FLIP: Auditing a Survey, Segmenting a Market
Critique of a flawed questionnaire, a four-cluster hierarchical segmentation, and segment-specific certification strategies for FLIP's professional development product.
Reviewing the questionnaire.
Read the questionnaire in Appendix 2 carefully. Like Anand, I have concerns. There are issues with the construction of the questions and the scales used to collect responses.
- The first two questions are used as filters, which may narrow the data and create biased responses.
- The questionnaire assumes that only people who are actively pursuing professional certifications should take it, which may overlook the people who may not need those certifications.
- The questionnaire also has a class ranking question, which may make some respondents uneasy.
- This is unnecessary on a questionnaire and does not represent everybody with the top 10% or top 25% answer.
- Having a "neither" option may be unfair for respondents because it represents the entire bottom 75%, which is very broad.
- They should create more options such as Bottom 50%, top 30%, prefer not to say.
- And they should also explain why they need this information, as it seems a little irrelevant.
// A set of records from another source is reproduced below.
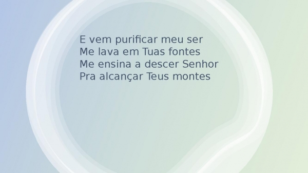 - E vem purificar meu serMe lava em Tuas fontesMe ensina a descer Senhor Pra alcançar Teus montes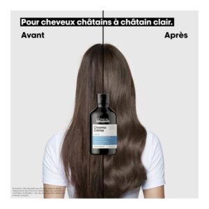 Avec le shampoing Chroma Crème Bleu, neutralisez vos reflets orangés indésirables et nourrissez intensément vos cheveux, comme un pro. Les cheveux récemment colorés contiennent différents colorants de couleurs primaires. Mais, après quelques lavages, des reflets orangés indésirables peuvent apparaître. C’est pourquoi, pour corriger les reflets orangés des cheveux châtains à châtain clair, choisissez le…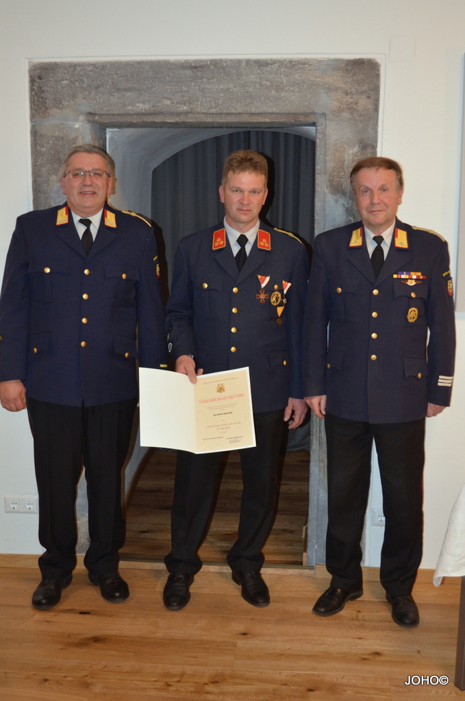 Es folgten die Berichte der Ehrengäste, an deren Anschluß dem Kommandanten eine besondere Ehrung zuteilwurde: ihm wurde das Ehrenzeichen am Band in Silber verliehen.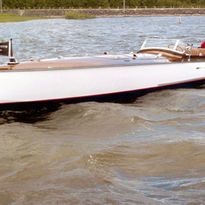 outdated, heavily used boats, they often change hands cheap and are put to work for different uses. The hull was still intact, and the Dart windshield and most of the signature hardware was with it. This forensic restoration, named "Lady Fay", was commissioned from 2015-2017. Entec Racing was also commissioned to hand-build a 572 cu. in., 550 HP power plant.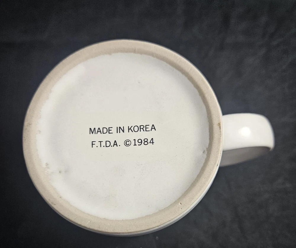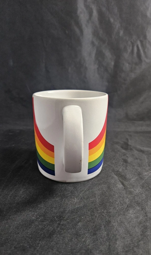 Vintage 80s Ceramic Rainbow 1984 FTDA, Made In Korea, Coffee Mug Tea Cup Very nice pre-owned mug in excellent condition. There are four available. Please see pictures for details.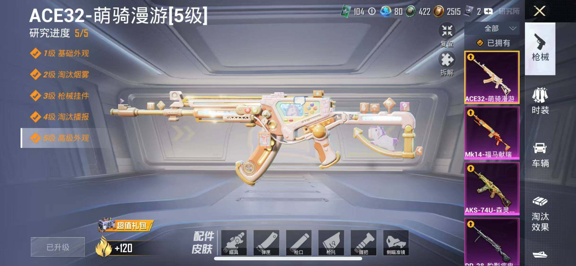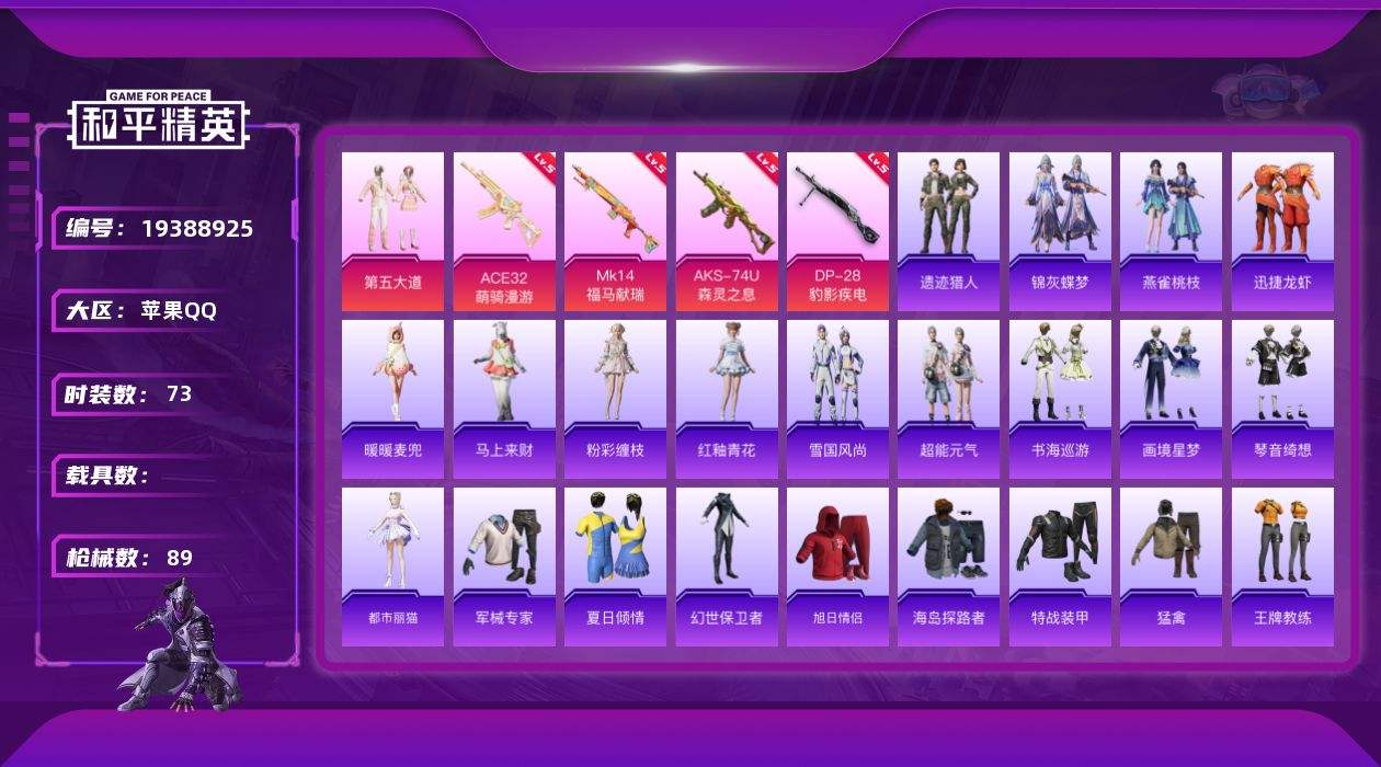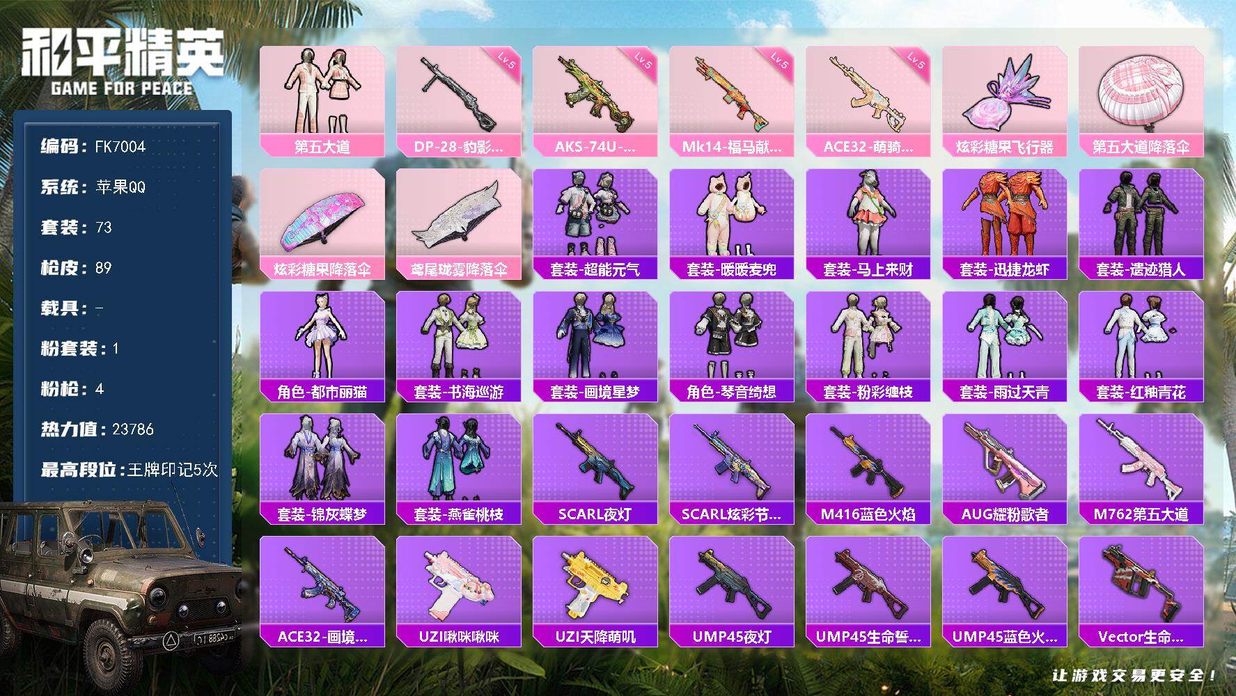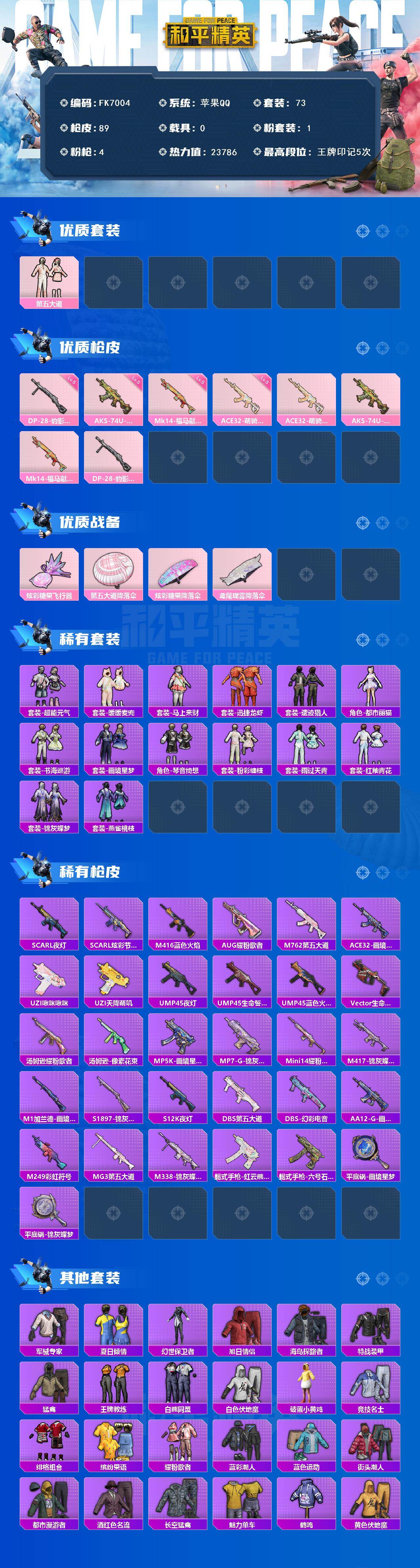 【762772】[19388925]【FK7004】73套装/枪械4/装备114/战备82/王牌印记5/热力值23786/五级ACE32-萌骑漫游/五级AKS-74U-森灵之息/五级MK14-福马献瑞/五级DP-28-豹影疾电/第五大道/ACE32-萌骑漫游/AKS-74U-森灵之息/MK14-福马献瑞/DP-28-豹影疾电/炫彩糖果飞行器/第五大道降落伞/炫彩糖果降落伞/鸢尾珑雾降落伞/超能元

- Every question should also have a "Not applicable" option.
Cluster analysis.
Running a cluster analysis (without discriminant analysis) on the data, there are four clusters here. This is visible by looking at the dendrogram and segment profiles.
Cluster 1, Rookies (42% of population)
- Students who are about to or have recently graduated with very limited working experience.
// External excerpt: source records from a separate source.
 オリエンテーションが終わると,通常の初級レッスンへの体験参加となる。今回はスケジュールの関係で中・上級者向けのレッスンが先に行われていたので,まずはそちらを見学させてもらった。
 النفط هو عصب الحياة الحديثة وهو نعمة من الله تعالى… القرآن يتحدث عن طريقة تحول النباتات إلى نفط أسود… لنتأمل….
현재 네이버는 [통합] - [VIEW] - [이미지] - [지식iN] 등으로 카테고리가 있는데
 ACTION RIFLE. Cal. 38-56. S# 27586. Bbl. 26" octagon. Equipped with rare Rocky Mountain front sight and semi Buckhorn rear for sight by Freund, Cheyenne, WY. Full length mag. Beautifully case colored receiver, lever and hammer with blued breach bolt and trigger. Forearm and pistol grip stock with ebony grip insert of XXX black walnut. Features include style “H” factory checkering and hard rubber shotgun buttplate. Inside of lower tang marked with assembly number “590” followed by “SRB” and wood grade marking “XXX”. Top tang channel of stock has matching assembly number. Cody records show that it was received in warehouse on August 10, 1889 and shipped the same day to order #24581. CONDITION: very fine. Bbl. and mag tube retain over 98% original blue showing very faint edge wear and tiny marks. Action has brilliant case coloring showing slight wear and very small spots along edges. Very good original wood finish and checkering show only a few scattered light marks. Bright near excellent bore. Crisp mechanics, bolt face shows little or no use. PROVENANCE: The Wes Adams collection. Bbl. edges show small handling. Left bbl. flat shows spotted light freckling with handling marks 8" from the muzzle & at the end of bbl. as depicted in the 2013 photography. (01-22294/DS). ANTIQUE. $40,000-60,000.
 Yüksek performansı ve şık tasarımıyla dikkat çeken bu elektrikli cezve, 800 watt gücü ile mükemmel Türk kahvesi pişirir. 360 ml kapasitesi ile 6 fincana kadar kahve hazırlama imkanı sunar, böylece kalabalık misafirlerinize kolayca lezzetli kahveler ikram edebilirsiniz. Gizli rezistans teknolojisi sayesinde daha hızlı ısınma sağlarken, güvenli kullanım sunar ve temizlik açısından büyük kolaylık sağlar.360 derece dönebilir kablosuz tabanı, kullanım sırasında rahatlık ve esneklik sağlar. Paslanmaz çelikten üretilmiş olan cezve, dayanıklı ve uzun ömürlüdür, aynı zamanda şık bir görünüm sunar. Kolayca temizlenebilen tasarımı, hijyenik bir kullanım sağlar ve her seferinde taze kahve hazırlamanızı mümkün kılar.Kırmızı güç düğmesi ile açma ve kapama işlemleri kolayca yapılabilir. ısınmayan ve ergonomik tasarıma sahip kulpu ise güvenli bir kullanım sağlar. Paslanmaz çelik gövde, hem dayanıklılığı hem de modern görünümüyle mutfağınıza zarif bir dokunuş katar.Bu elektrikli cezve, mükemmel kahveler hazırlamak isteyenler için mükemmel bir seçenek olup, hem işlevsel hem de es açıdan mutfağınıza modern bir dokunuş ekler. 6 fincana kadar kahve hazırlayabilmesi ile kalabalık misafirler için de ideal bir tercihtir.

- They are likely trying to enhance their resumes and will work in finance in the future.
Cluster 2, Seasoned employees (38% of population)
- People who are in the workforce and have decent work experience.
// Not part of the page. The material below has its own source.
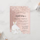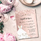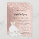 Invitación Bridal Shower rosa vestido blanco dorado lujo
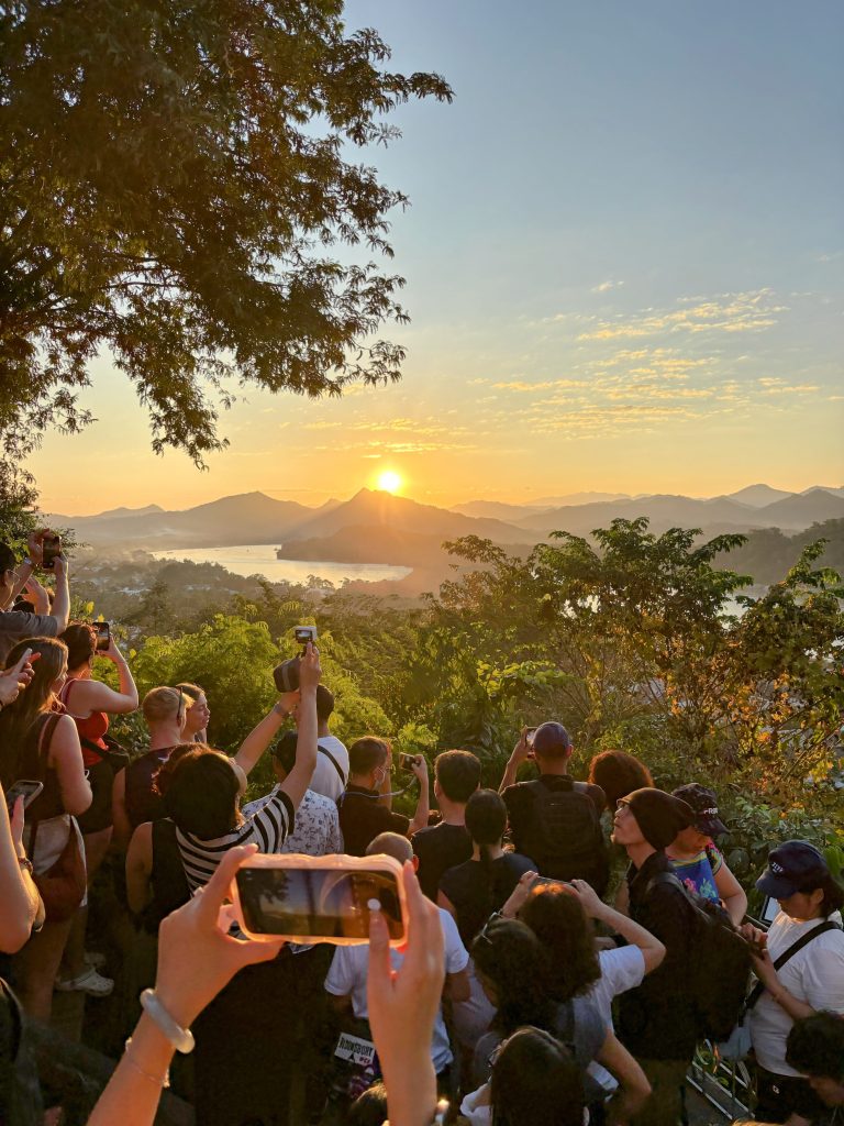 丘の頂上からは、ルアンパバーン全体を見渡すことができます。特に有名なのが、メコン川に沈む夕日です。茜色に染まる空と川、そしてその下に広がる世界遺産の街並みは息をのむ美しさで、多くの観光客が夕暮れ時を目指して登頂します。

- They are focusing on their certifications and trying to get more relevant work in their field.
Cluster 3, Veterans (10% of population)
- Employees who have a lot of work experience and do not engage with extra activities.
Cluster 4, Specialists (10% of population)
- Employees that have a lot of BFS experience and prioritize comfortable e-learning.
Re-running with discriminant analysis.
When running a cluster analysis with discriminant analysis, the tool flagged a high-collinearity warning. Several variables (B-school = Crème De La Crème, Major Specialization = Marketing, Minor Specialization = Finance, Minor Specialization = Systems, UG Degree = BCom CA, and Percentile in Class = Top 10 Percentile) were removed because of high collinearity with variables already present in the report.
| Option | Selection |
|---|---|
| Clustering method | Hierarchical |
| Standardization method | None |
| Segments forced | 4 |
| Run discriminant analysis | Yes |
| Run classification analysis | Yes |
Next steps for FLIP.
My recommendations for FLIP include strategies to better target each segment.
- For the rookies, focus on improving their resumes and gaining certifications.
- For the seasoned employees, focus on certifications that improve current job skills and allow for potential job switching or job improvement.
- For the veterans, establish more specialization and convenience such as a more flexible schedule and online learning programs.
- For the specialists, focus on convenience and having self-paced e-learning courses.
I would also collaborate with more B-schools and make FLIP a well-known program. This can help because it makes FLIP certifications credible. Workshops, webinars, and informational sessions can help gain awareness.